Nous avons précisé que les pratiques de soutien s’inscrivent dans un travail d’ajustement. La prise en compte de la diversité en classe se traduit entre autres par un ajustement du travail des enseignants en classe. Il s’agit de repenser les processus d’enseignement et les pratiques enseignantes et de les ajuster continuellement selon le contexte de la classe (Tomlinson, 2004; Tomlinson et Imbeau, 2011). Bucheton (2009) précise que cet ajustement est d’autant plus complexe que c’est un co-ajustement avec l’agir de chaque élève lui-même en train de s’ajuster tant à l’agir de l’enseignant qu’à celui de ses pairs. L’auteure relie les ajustements et les co-ajustements dans le contexte réel de la classe avec plusieurs scènes scolaires. Les différentes scènes nous donnent une idée sur la manière d’organiser les activités en classe pour gérer l’ensemble des élèves, tout en misant sur la particularité des besoins individuels de chacun d’eux sans négliger le reste de la classe. Selon l’auteure, la visée de ces différentes scènes est le soutien ou l’étayage dans un groupe.

1) La « scène duale » qui consiste à travailler individuellement avec l’élève à son bureau ou au bureau de l’enseignant, à voix plus ou moins basse.

2) La « scène collective » est considérée par l’auteure comme la plus fréquente en classe. L’enseignant adresse ses explications à toute la classe.

3) Les « scènes de groupe » consistent, selon l’auteure, à ce que l’enseignant circule entre les divers groupes en classe pour vérifier le progrès du travail. Il se peut qu’il offre un soutien sur place selon son analyse de la situation. Il se peut aussi qu’il revienne à la scène collective.

4) « L’atelier », dans le modèle de l’auteure, consiste à ce que l’enseignant soit assis à une table qui regroupe quatre à dix élèves et les fait travailler en s’ajustant selon chaque élève. En plus, il suscite des collaborations entre les élèves du groupe pour réussir la tâche commune. Pendant ce temps, le reste de la classe travaille de façon autonome.

5) Les « scènes privées ». En travaillant sur les deux autres scènes, l’enseignante maintient son regard sur les autres élèves de la classe qui travaillent silencieusement.

6) Les « scènes off ». Au cours desquelles l’enseignant surveille tout ce qui est indice de décrochage chez les élèves comme les mots et les échanges hors sujet. Le seuil de tolérance de cette scène dépend de l’enseignant, de son expertise et de la leçon.

L’enseignant a donc une marge de manœuvre pour ajuster le contexte de la classe de façon à créer un environnement propice à l’apprentissage et à la mise en place de pratiques de soutien. Il s’ajuste selon les besoins des différents élèves. Il mise sur plusieurs scènes pour répondre aux besoins de l’ensemble de la classe. Il offre un soutien individuel ou un soutien en petit groupe tout en gardant un œil sur les autres élèves de la classe. Il travaille en groupe avec les élèves, si nécessaire, et il surveille et prévient le décrochage des élèves.

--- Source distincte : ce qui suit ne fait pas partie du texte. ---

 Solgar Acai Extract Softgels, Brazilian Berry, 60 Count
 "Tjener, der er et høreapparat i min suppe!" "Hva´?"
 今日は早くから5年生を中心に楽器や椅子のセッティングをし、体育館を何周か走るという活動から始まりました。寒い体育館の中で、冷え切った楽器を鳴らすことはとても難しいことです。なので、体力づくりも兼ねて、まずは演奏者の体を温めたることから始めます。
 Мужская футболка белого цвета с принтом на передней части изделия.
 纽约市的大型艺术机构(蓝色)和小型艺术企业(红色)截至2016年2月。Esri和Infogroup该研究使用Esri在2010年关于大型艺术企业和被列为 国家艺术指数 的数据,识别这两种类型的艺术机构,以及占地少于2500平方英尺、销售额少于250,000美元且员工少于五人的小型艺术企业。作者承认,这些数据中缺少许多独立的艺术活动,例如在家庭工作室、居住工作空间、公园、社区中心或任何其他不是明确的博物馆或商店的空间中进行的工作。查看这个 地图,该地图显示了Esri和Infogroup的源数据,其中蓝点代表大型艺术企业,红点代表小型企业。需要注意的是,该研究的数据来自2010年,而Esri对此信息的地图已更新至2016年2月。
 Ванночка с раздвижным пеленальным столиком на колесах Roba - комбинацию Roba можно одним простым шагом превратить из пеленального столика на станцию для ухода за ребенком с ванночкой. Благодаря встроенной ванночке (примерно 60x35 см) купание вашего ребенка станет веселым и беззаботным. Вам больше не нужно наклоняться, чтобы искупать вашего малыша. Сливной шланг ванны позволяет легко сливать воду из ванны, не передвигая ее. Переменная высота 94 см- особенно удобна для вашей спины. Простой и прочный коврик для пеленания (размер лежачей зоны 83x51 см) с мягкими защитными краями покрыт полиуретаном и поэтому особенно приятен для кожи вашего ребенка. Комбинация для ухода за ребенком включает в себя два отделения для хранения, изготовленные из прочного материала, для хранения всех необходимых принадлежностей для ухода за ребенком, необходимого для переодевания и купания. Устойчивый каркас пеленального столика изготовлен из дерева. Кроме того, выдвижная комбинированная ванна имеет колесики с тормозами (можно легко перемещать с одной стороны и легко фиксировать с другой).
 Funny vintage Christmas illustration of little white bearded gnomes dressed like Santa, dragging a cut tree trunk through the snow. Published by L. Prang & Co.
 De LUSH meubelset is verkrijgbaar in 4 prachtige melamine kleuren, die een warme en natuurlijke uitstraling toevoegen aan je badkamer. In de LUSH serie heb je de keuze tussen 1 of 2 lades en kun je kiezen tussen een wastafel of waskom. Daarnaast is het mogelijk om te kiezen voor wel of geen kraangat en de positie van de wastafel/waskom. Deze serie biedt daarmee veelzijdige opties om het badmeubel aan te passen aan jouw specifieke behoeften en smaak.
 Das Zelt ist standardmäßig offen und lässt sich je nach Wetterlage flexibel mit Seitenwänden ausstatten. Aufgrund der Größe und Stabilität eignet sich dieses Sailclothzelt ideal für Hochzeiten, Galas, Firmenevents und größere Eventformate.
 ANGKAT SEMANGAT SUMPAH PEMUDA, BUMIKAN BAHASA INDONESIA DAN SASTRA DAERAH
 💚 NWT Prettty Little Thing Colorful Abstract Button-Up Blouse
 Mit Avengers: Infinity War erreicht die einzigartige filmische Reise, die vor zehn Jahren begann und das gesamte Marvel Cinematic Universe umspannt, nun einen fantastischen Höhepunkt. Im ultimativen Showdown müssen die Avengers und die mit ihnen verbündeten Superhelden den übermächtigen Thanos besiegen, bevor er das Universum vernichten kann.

Pourtant, le cadre d’analyse du travail enseignant ne nous fournit pas d’éclairage sur le soutien proprement dit en tant qu’interaction individuelle entre élèves et enseignant. Bien que ce cadre nous permette de regarder la prise en compte des interactions et leur gestion en classe, il éclaire peu ce qui se passe entre l’élève et l’enseignant au moment de l’interaction, et ne nous permet pas de regarder le rôle de l’élève dans le processus de coconstruction du sens de la pratique de soutien. Pour cette raison, nous complétons notre compréhension des pratiques enseignantes de soutien en nous inscrivant dans une autre approche, soit l’approche sociohistorico-culturelle.